* [Required work]: From the listing below, copy only the lines running from the line that contains "單人份的鰻魚飯現點現烤,端上" to the line that contains "para domingo (3).", both included.

* [Input]:

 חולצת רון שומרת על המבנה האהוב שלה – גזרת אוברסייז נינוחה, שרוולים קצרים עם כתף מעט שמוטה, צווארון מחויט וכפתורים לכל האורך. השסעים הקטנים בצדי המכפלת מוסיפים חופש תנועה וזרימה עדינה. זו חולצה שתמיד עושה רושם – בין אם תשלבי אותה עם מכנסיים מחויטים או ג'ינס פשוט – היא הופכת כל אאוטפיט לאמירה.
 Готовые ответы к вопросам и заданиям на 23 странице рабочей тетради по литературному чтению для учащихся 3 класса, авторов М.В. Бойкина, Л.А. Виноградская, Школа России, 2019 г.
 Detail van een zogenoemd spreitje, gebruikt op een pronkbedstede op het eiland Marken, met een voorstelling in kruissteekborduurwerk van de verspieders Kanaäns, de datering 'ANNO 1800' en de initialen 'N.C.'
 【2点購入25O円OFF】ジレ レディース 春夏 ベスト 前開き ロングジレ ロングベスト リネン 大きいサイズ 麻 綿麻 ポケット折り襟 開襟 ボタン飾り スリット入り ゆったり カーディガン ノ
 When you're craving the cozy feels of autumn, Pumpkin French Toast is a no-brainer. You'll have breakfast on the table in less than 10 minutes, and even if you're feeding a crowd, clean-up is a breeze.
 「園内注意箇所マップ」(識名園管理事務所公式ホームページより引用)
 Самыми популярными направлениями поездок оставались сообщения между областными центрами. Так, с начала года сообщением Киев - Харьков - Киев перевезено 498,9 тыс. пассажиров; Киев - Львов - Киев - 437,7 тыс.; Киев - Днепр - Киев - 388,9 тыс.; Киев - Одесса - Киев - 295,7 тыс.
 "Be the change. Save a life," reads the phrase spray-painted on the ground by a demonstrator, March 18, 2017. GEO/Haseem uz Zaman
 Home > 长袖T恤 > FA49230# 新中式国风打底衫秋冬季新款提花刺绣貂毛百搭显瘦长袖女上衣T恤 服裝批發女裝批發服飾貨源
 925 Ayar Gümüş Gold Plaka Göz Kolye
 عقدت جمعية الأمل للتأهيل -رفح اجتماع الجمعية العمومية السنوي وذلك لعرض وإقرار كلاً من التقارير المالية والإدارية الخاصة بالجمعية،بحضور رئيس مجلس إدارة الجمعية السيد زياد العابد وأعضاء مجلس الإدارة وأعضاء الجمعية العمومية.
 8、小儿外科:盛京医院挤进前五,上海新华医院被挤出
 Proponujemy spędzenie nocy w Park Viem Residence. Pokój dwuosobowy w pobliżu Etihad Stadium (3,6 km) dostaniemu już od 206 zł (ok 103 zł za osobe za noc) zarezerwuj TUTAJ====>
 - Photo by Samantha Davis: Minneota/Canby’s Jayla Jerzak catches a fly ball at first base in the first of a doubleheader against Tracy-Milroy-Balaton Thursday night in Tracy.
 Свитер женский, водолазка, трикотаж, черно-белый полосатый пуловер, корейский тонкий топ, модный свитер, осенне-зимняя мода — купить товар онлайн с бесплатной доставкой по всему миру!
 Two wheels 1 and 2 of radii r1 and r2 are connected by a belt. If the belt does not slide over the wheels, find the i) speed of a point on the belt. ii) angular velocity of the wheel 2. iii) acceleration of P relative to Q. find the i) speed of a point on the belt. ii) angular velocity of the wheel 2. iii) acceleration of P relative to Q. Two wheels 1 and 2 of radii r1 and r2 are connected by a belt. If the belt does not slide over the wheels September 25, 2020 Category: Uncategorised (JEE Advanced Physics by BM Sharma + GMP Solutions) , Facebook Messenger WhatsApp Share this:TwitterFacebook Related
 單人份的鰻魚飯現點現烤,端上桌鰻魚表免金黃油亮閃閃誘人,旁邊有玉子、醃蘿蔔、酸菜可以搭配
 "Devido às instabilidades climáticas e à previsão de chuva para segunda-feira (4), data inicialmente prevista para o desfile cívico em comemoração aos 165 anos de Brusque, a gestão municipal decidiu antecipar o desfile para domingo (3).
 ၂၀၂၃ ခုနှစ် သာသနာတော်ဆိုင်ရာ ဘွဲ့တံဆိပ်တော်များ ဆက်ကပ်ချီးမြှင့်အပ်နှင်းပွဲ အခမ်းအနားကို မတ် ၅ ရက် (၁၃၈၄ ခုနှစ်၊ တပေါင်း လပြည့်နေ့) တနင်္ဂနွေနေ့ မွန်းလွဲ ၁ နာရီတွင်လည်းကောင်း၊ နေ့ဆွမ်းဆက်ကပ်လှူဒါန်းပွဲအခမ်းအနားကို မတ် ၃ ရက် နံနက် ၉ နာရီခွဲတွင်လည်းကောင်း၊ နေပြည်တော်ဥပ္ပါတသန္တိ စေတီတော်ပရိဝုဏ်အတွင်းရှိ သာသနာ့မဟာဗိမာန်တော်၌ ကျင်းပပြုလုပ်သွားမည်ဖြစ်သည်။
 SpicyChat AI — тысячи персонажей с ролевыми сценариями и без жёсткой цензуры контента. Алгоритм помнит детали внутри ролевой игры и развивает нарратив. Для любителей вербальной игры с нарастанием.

* [Answer to this problem]:
 單人份的鰻魚飯現點現烤,端上桌鰻魚表免金黃油亮閃閃誘人,旁邊有玉子、醃蘿蔔、酸菜可以搭配
 "Devido às instabilidades climáticas e à previsão de chuva para segunda-feira (4), data inicialmente prevista para o desfile cívico em comemoração aos 165 anos de Brusque, a gestão municipal decidiu antecipar o desfile para domingo (3).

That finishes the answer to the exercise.